Consider a discrete random variable $X$ taking on values $x_1, x_2, \cdots, x_n$ with positive probabilities $p_1, p_2, \ldots, p_n$ respectively. Two shibboleths that statisticians don't just murmur but instead shout from the rooftops are that probabilities are nothing but long-term frequencies, and that an event of probability $p$ will occur approximately $pN$ times in $N$ independent trials of the experiment, especially when $N$ is large. So suppose that the experiment haas been conducted $N$ times where $N$ is whatever number one thinks of as large (hopefully much larger than $\frac{1}{\min_i p_i}$), resulting in $X$ taking on values $X_1, X_2, \cdots, X_N$ where, of course, each $X_i \in \{x_1, x_2, \cdots, x_n\}$. Thus, the average observed value of $X$ on these $N$ trials is $$\text{average observed value of } X = \frac{X_1+X_2+ \cdots + X_N}{N}.\tag{1}$$ Now, one way of computing the right side of $(1)$ is to add up the $N$ numbers and divide the sum by $N$, but another way is to note that some number $N_1$ of the $X_i$ have value $x_1$, some number $N_2$ of the $X_i$ have value $x_2$, and so on, where, of course, $\sum_{i=1}^n N_i = N$. Thus, we get that \begin{align} \text{average observed value of } X &= \frac{X_1+X_2+ \cdots + X_N}{N}\\ &= \frac{N_1x_1 + N_2x_2 + \cdots + N_n x_n}{N}\\ &\approx \frac{(p_1N)x_1 + (p_2N)x_2 + \cdots + (p_nN) x_n}{N}\\ &= \sum_{i=1}^n p_i x_i.\tag{2} \end{align} In short, the average observed value of a discrete random variable $X$ over a very large number of independent trials of the experiment can be expected to be close to $\sum_{i=1}^n p_i x_i$ and so we define the average, or the expected value, or expectation of $X$ as $\sum_{i=1}^n p_i x_i$ and denote this number by $E[X]$ or $\mathbb E[X]$.

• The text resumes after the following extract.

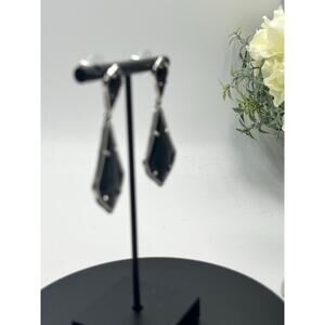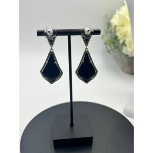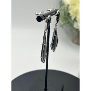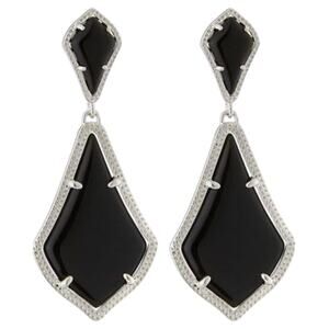 Kendra Scott Alexa Opaque Black Silver Plated Double Drop Pierced Earrings

The expectation of a discrete random variable $X$ taking on values $x_1, x_2, \cdots, x_n$ with positive probabilities $p_1, p_2, \ldots, p_n$ respectively is denoted as $E[X]$ and is given by $$E[X] = \sum_{i=1}^n p_i x_i. \tag{3}$$

Sadists amongst us even call this number the mean of $X$ so that they can later enjoy the pleasure of demeaning $X$.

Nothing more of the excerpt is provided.